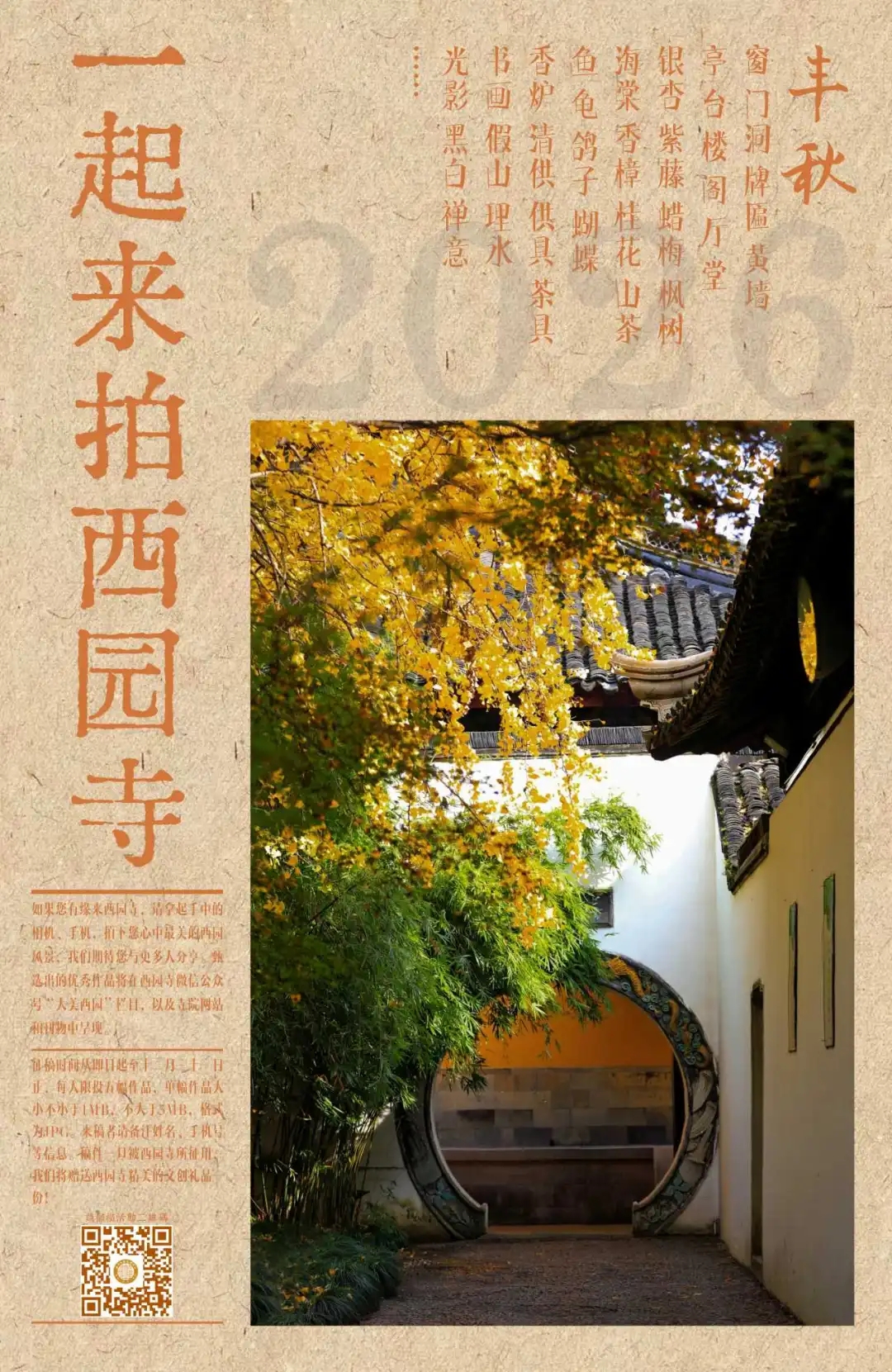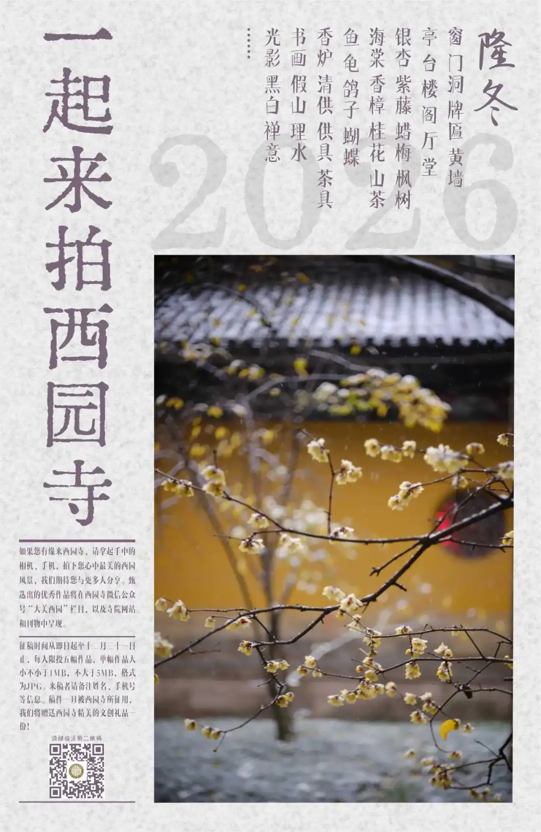 如果您有缘来西园寺,请拿起手中的相机、手机,拍下您心中最美的西园风景,我们期待您与更多人分享。甄选出的优秀作品将在西园寺公众号“大美西园”栏目,以及寺院网站和刊物中呈现。
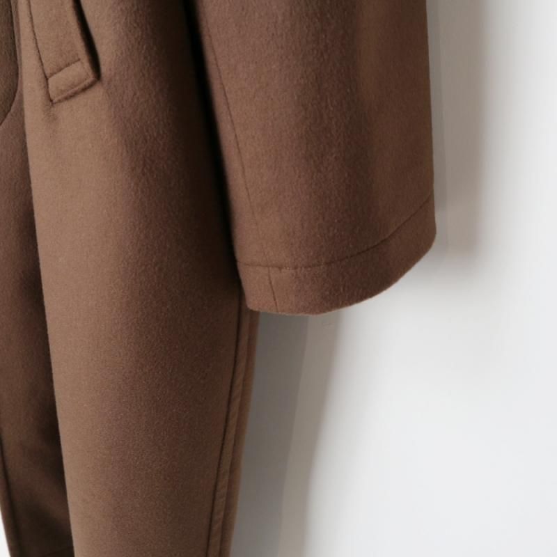 スーパー160sのラムウールを使用し、毛乱れが起きにくいよう丁寧に何度も起毛を施したショートビーバー仕上げの生地を使用。
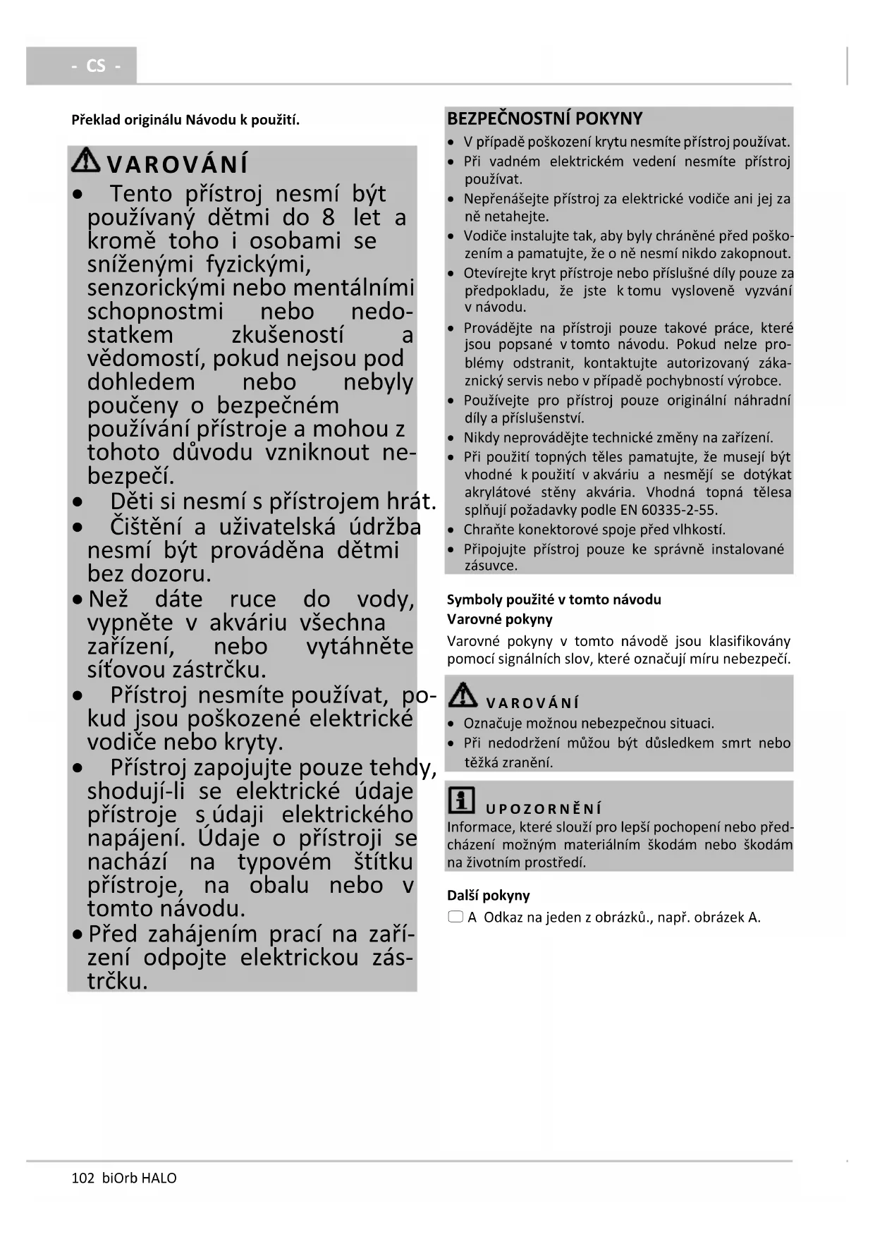 CS - Překlad originálu Návodu k použití. VAROVÁNÍ
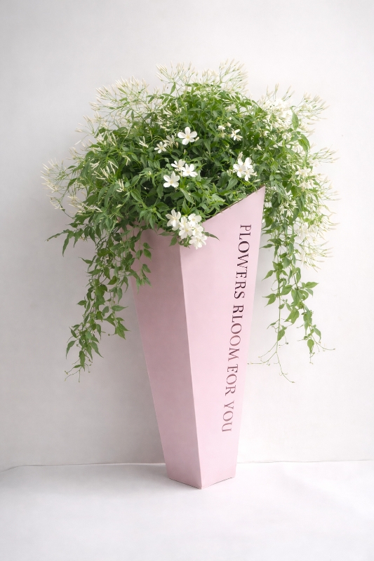 Nestled in a stylish pastel geometric container this charming display features delicate white jasmine blossoms and lush green foliage that cascade gracefully over the edges.
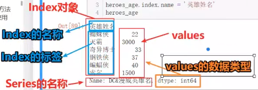 综上所述,一个Series包括了data,index 以及 name,但是按照上面的方法,定义一个完整元素的 Series 的索引,需要先定义索引标签,再定义索引的名字,未免太繁琐。可以通过定义 Index 对象,再将其赋值到Series 中的 index 参数,这样可以一次性定义一个有完整元素的Series索引
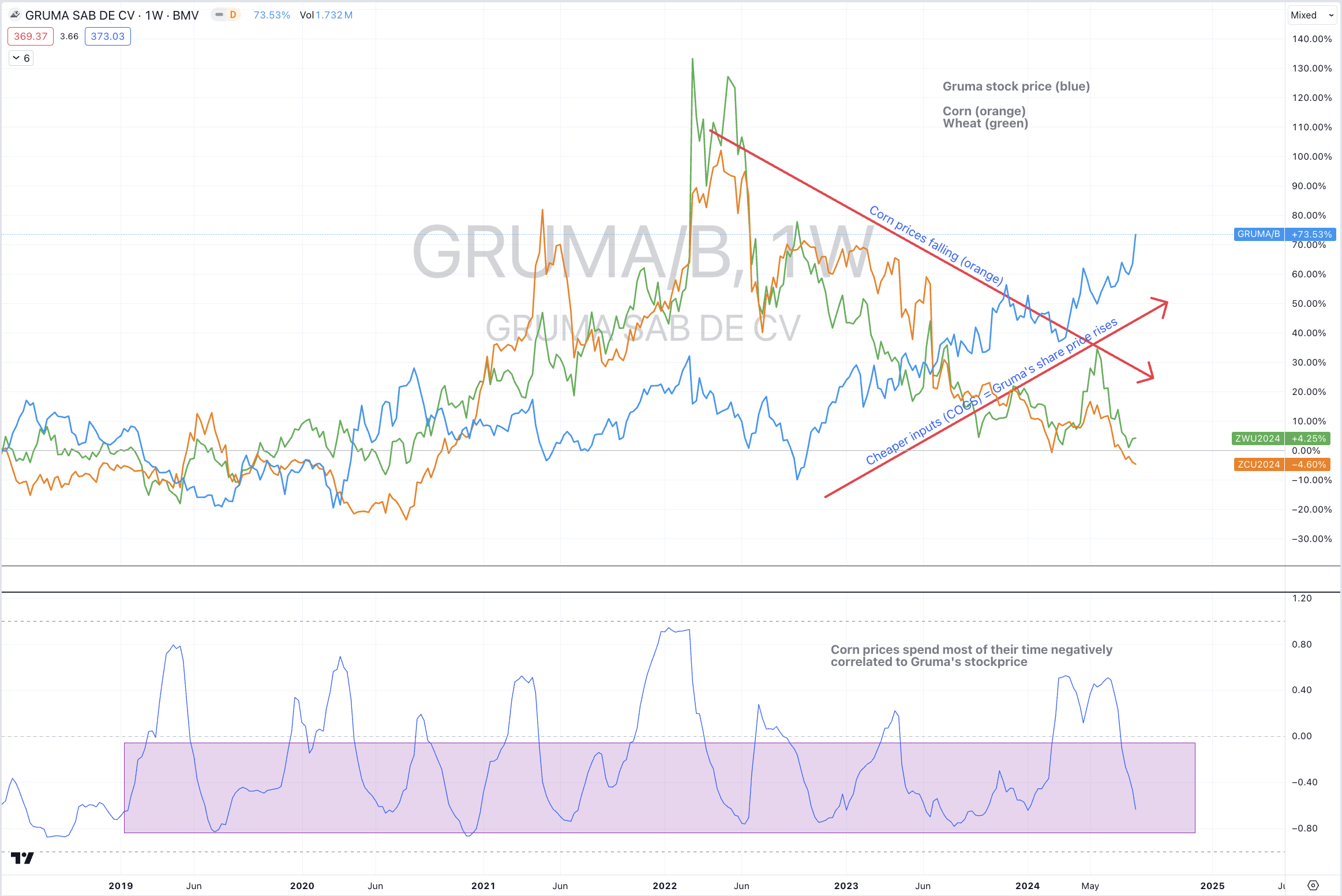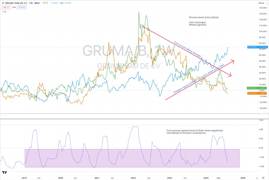 The decline in price over the past 12 months has helped the share prices of companies such as Gruma (Mexican tortilla maker), Pepsi and Kellogg, while share prices of other beverage companies, namely Coca Cola have lagged their peers and index considerably.
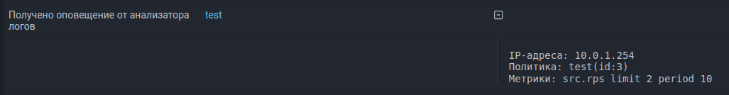 alert src.rps limit 100 period 200 for 2.2.2.2LOGAN. Добавлено журналирование причины срабатывания alert.
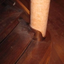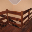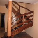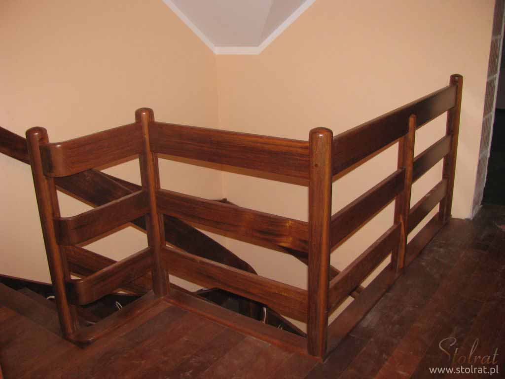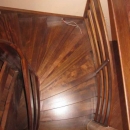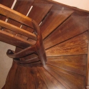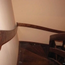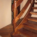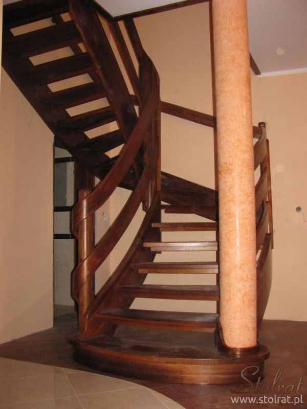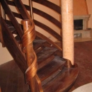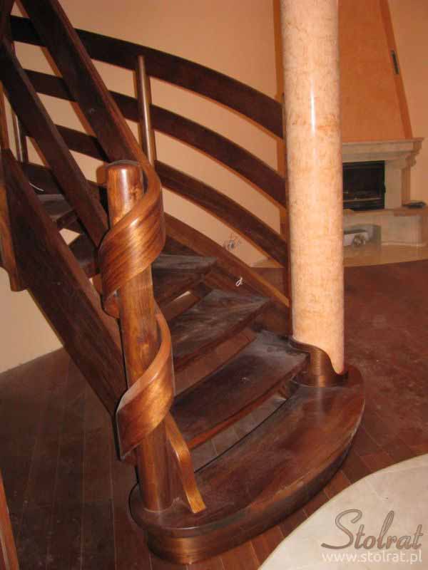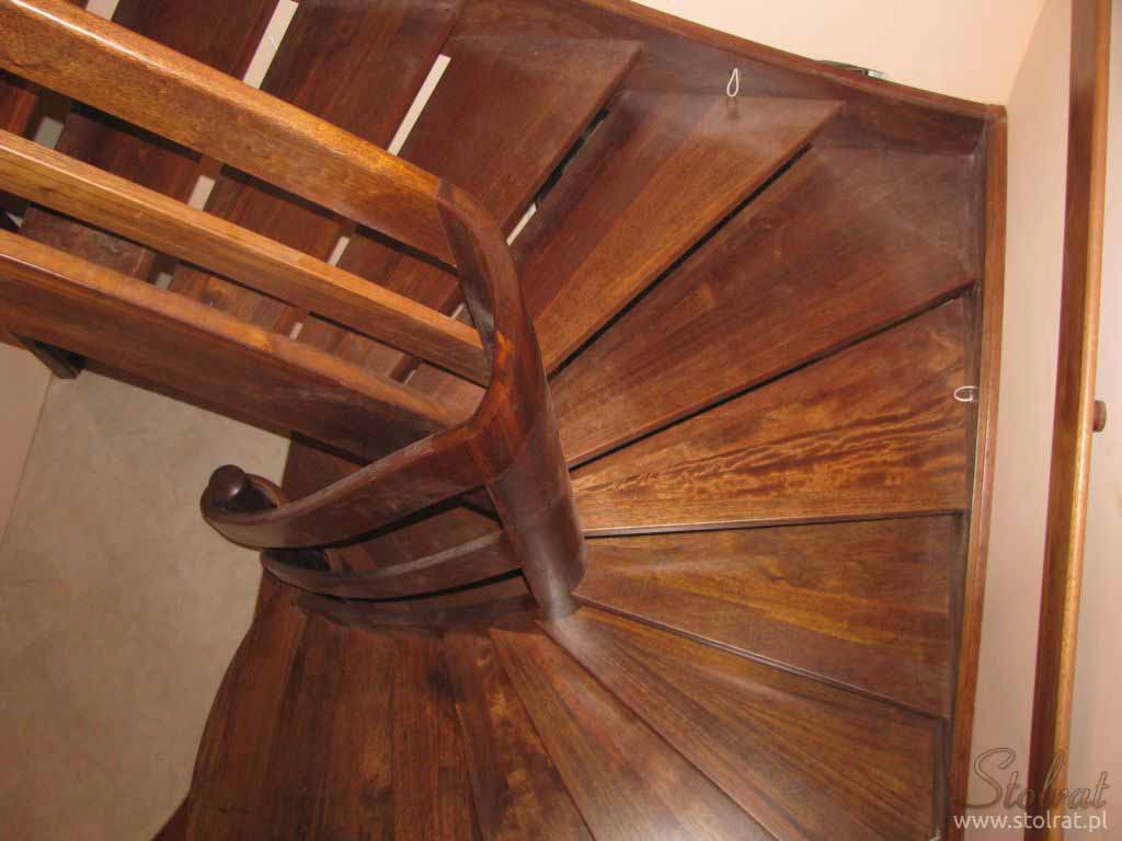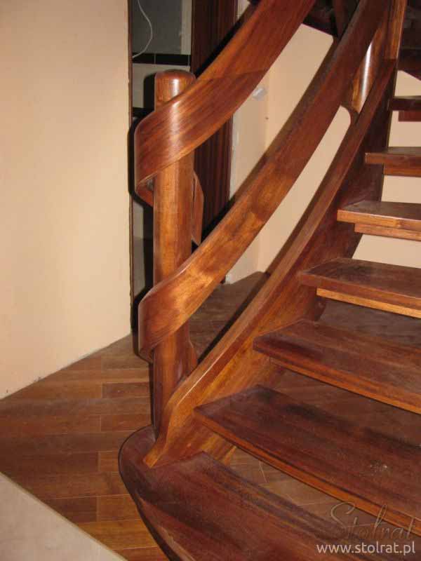 Schody zabiegowe, ażurowe, materiał drewno egzotyczne merbau, balustrada pochwyt drewniany zakończony spiralą.
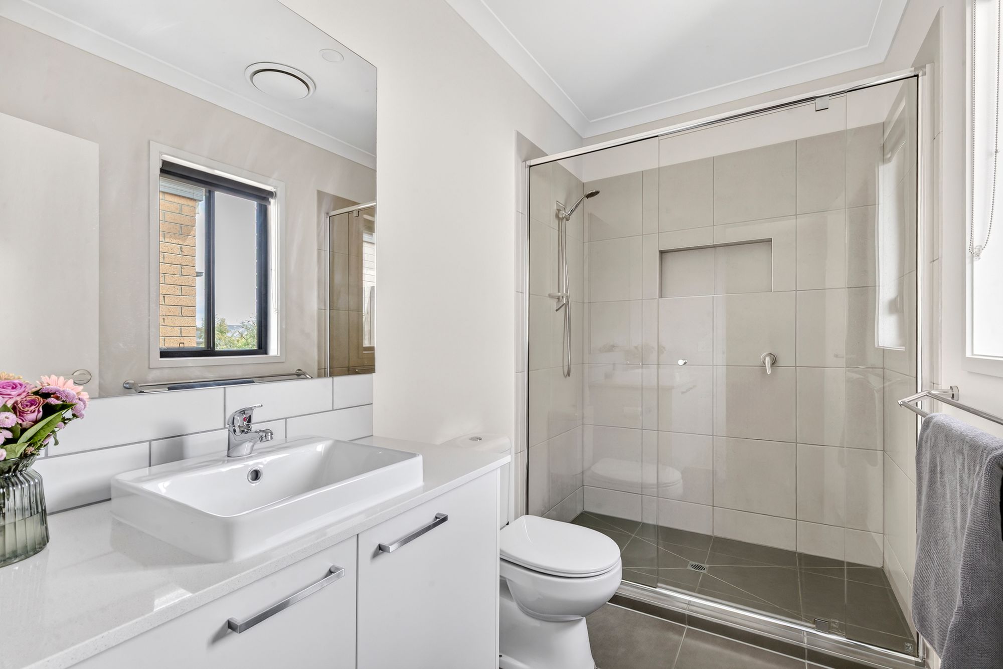 Additional Bathrooms: The central bathroom is finished with quality fixtures and practical design, offering a single vanity with 20mm stone benchtop, cabinetry, mirrored splashback, raised bath and spacious shower. A wide window with roller blinds provides both light and privacy, while the home also benefits from a separate toilet for added convenience.

========================================

Task instructions ->
Return the material exactly as it reads, though without the pictures it holds.

Task solution ->
 如果您有缘来西园寺,请拿起手中的相机、手机,拍下您心中最美的西园风景,我们期待您与更多人分享。甄选出的优秀作品将在西园寺公众号“大美西园”栏目,以及寺院网站和刊物中呈现。
 スーパー160sのラムウールを使用し、毛乱れが起きにくいよう丁寧に何度も起毛を施したショートビーバー仕上げの生地を使用。
 CS - Překlad originálu Návodu k použití. VAROVÁNÍ
 Nestled in a stylish pastel geometric container this charming display features delicate white jasmine blossoms and lush green foliage that cascade gracefully over the edges.
 综上所述,一个Series包括了data,index 以及 name,但是按照上面的方法,定义一个完整元素的 Series 的索引,需要先定义索引标签,再定义索引的名字,未免太繁琐。可以通过定义 Index 对象,再将其赋值到Series 中的 index 参数,这样可以一次性定义一个有完整元素的Series索引
 The decline in price over the past 12 months has helped the share prices of companies such as Gruma (Mexican tortilla maker), Pepsi and Kellogg, while share prices of other beverage companies, namely Coca Cola have lagged their peers and index considerably.
 alert src.rps limit 100 period 200 for 2.2.2.2LOGAN. Добавлено журналирование причины срабатывания alert.
 Schody zabiegowe, ażurowe, materiał drewno egzotyczne merbau, balustrada pochwyt drewniany zakończony spiralą.
 Additional Bathrooms: The central bathroom is finished with quality fixtures and practical design, offering a single vanity with 20mm stone benchtop, cabinetry, mirrored splashback, raised bath and spacious shower. A wide window with roller blinds provides both light and privacy, while the home also benefits from a separate toilet for added convenience.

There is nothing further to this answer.